Industrial machine vision is well advanced when it comes to the use of artificial intelligence (AI) and in particular with respect to deep learning. Vision experts also know the limits of the AI approach.
The fact that industrial machine vision is an AI pioneer is on the one hand due to the fact that vision experts have always been involved in pattern recognition. On the other hand, however, it is also due to the fact that image recognition is generally a popular field of activity for AI experts. For example, Google's AI camera software Google Lens detects a billion objects through the smartphone camera in the meantime and can then automatically assign them.
“Artificial intelligence has long been used in industrial machine vision,” Dr. Maximilian Lückenhaus confirmed, Marketing + Business Development Director at the vision software specialist MVTec Software. Deep learning, usually based on Convolutional Neural Networks (CNN), is of particular importance here. “These CNNs are artificial neural networks inspired by biological processes. They use very large amounts of digital image data for a comprehensive training process to be able to classify new objects independently afterward,” Dr. Lückenhaus explained.
Specific features and characteristics of objects are automatically learned in this training process. After this training, new image data can be assigned and consequently particularly high and robust recognition rates can be achieved. Preferred areas of application: classification and object detection.
In order for companies to take advantage of the technology as easily as possible, Mvtec provides pre-trained deep learning tools in its software, which have been pre-trained based on approx. three million carefully selected images from the industrial environment. “Companies therefore only need comparatively few images of their own to train the networks in a way that is adapted to their applications,” Dr. Lückenhaus explained.

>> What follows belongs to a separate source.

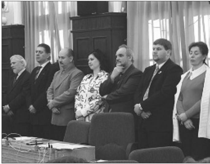
Önkormányzati képviselők a testületi ülésen

Csabai Mérleg ingyenes városi lap, Békéscsaba. Felelős szerkesztő: Fehér József. Nyomdai előkészítés: Várhegyi János. Felelős kiadó: Békéscsaba Vagyonkezelő Zrt., Kozma János cégvezető. Szerkesztőség: 5600 Békéscsaba, Szabadság tér 11-17. I/28. Tel.: 66/523-855. Megjelenik kéthetente 28 000 példányban. E-mail: csabai.merleg@bekescsaba.hu. Hirdetésszervezés: Bayer Bt.

Cognex has also integrated deep learning-based image analysis tools into its software. The US vision specialists acquired the technology for this with the acquisition of Swiss Vidi Systems. “If people can learn to test products, Visionpro Vidi can do the same,” Joerg Kuechen emphasized, Senior Vice President of Image Processing Products at Cognex: “In addition, Visionpro Vidi can be trained with only 50 images in just a few minutes.”

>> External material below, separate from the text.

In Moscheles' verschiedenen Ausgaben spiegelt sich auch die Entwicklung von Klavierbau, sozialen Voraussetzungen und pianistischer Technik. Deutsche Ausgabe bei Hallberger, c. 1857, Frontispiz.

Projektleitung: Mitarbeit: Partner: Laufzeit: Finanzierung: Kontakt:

Deep learning technology is especially a good complement when complicated testing procedures are needed for manufacturing processes that are time-consuming and difficult to program with conventional rule-based image processing, Mr. Cognex stressed. In addition, this also makes it possible for people who are not programming experts to maintain and retrain factory-level machine vision applications.
Sick also relies on sensor solutions that work based on deep learning algorithms. “The goal is to use AI to enable a sensor to perform its task even better in the respective application,” Bernhard Müller explained, Industry 4.0 Vice President. His argument: Standard sensors are already doing their job very well, but when a new task is added, the sensors reach their limits. “On the other hand, a sensor can learn from experience and anticipate with AI: What's that I see? This creates a better sensor that can also detect things it has never seen before.”

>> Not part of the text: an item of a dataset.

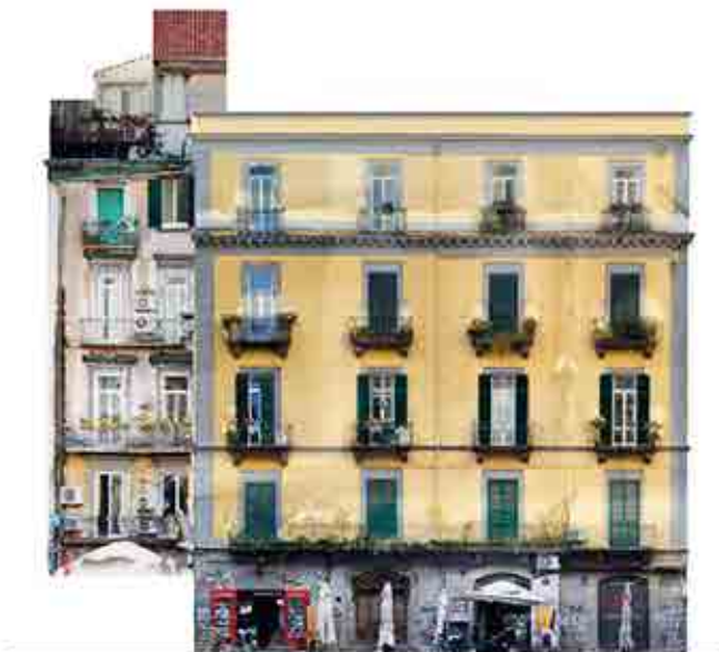
Ortofoto Prospetto a-c

Instead of using pre-trained AI networks, Sick relies on individual customer projects. “For example, we are working on a camera pilot project with deep learning in the lumber industry,” Mr. Müller explained. Sawmills need to know the conditions in the log for optimum utilization of the raw material wood. Where are the annual rings, and where is the core? “We taught the camera with deep learning how the lumber can be best used. This is a task that previously could only be done by people,” Mr. Müller stated. Close interaction with the customer is important here. “The topic of AI cannot be implemented without the customer. He should therefore provide concrete example data with which the AI sensor can learn, because AI needs appropriate training data.”
Mvtec has also worked closely with pilot customers from various industries to develop the deep learning features of its Halcon software. With success: When testing contact surfaces, the implementation of deep learning-based error detection resulted in a massive reduction in the error rate, which drastically reduced the need for manual testing and accelerated production.
As a result, everything is good thanks to deep learning? “The technology provides many advantages, but also has limitations,” Dr. Lückenhaus said. On the one hand, hundreds of thousands of sample images are required for training, especially when using open-source solutions. On the other hand, the training and also the later AI-based classification of the data require a great deal of computing resources. “Consequently, large computing capacities and corresponding hardware are required. A standard CPU is usually not sufficient in very time-critical applications,” Dr. Lückenhaus emphasized.
Industrial camera manufacturers like IDS are reacting to this. In their app-based industrial cameras, the camera CPU is supported by a programmable special chip, a Field Programmable Gate Array (FPGA). That is why IDS has now developed an AI vision app that transforms the integrated FPGA into an AI processor that can accelerate the execution of many known neural network architectures.